- **Recorded data**:
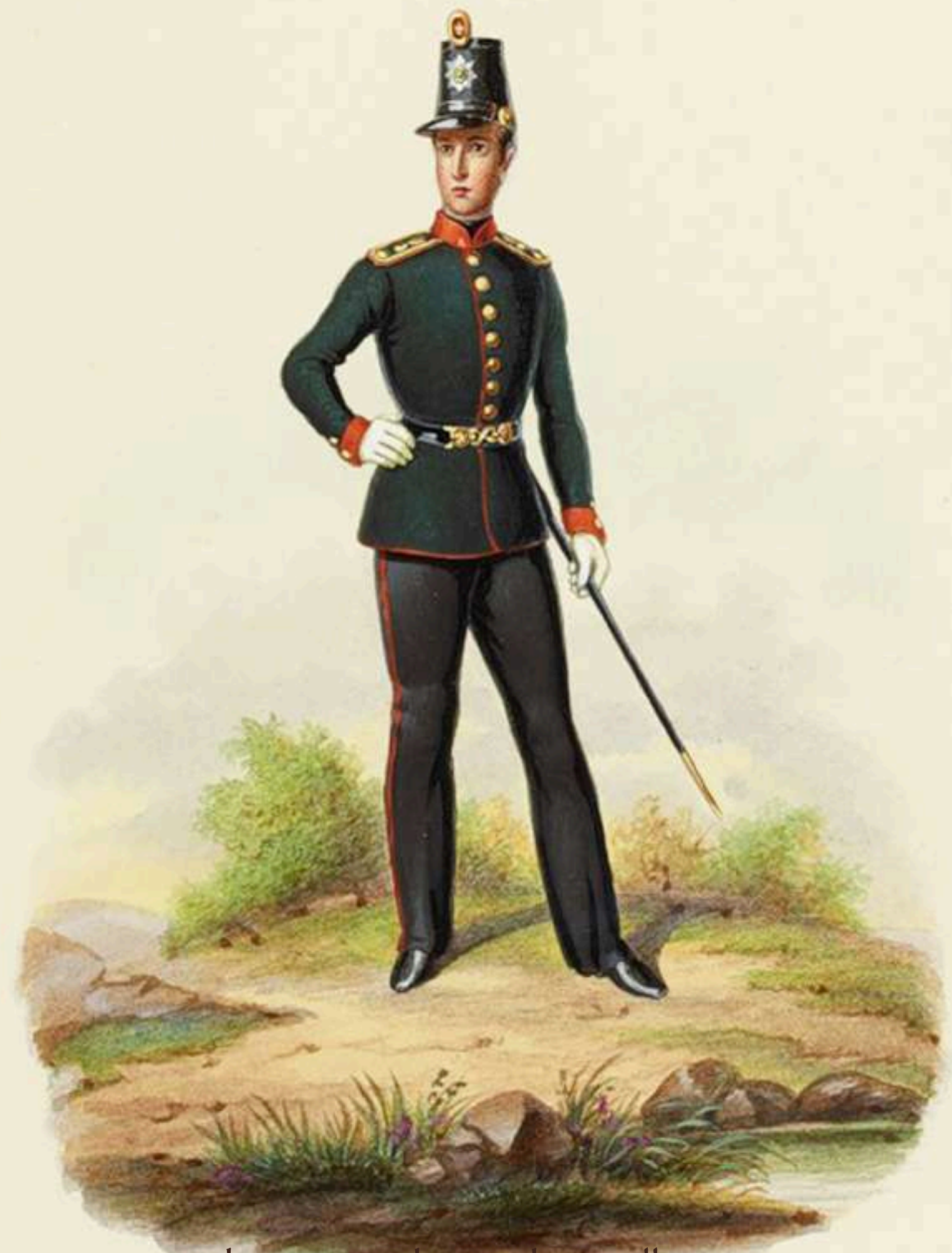
Cadete, Academia de Artillería
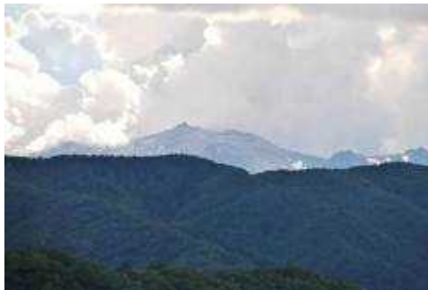
(峠から御嶽山を望む)
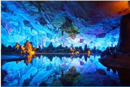
ถ้ำขลุ่ยอ้อ

พักที่ GUILIN VIENNA HOTEL โรงแรมระดับ 4 ดาวท้องถิ่น หรือเทียบเท่าในเมืองกุ้ยหลิน
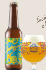
2 Oedipus Swingers 4,0%
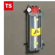
TS Dispositivo taglio a secco Dry cooling device
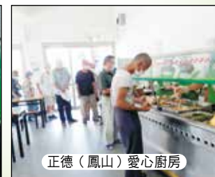
正德(鳳山)愛心廚房
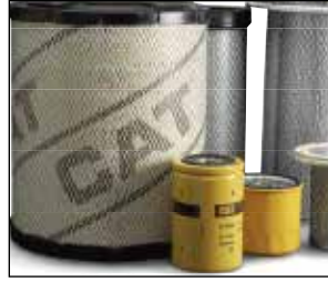
Repuestos genuinos de OEM
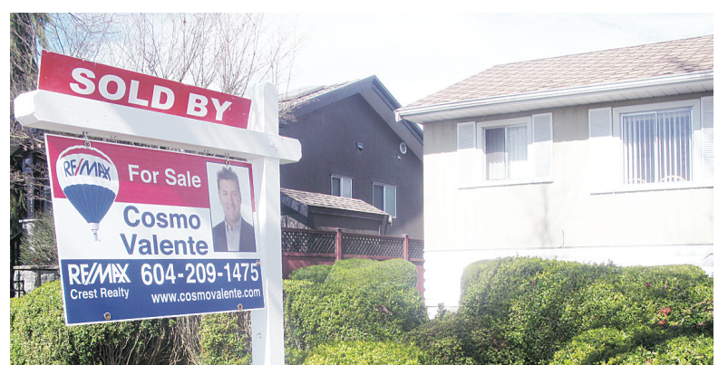
本省上月住宅銷量達7,650間，按年增長18%，銷情是2007年以來最佳的7月份。(資料圖片)

穆爾表示，目前處於平衡市場階段，他預計，房價將呈溫和上揚趨勢，但不太可能出現大的變動，而是依通脹率有所提高。

- **What to produce**: When you return the listing, keep each line exact and leave the pictures out.

- **Problem solution**:
Cadete, Academia de Artillería
(峠から御嶽山を望む)
ถ้ำขลุ่ยอ้อ

พักที่ GUILIN VIENNA HOTEL โรงแรมระดับ 4 ดาวท้องถิ่น หรือเทียบเท่าในเมืองกุ้ยหลิน
2 Oedipus Swingers 4,0%
TS Dispositivo taglio a secco Dry cooling device
正德(鳳山)愛心廚房
Repuestos genuinos de OEM
本省上月住宅銷量達7,650間，按年增長18%，銷情是2007年以來最佳的7月份。(資料圖片)

穆爾表示，目前處於平衡市場階段，他預計，房價將呈溫和上揚趨勢，但不太可能出現大的變動，而是依通脹率有所提高。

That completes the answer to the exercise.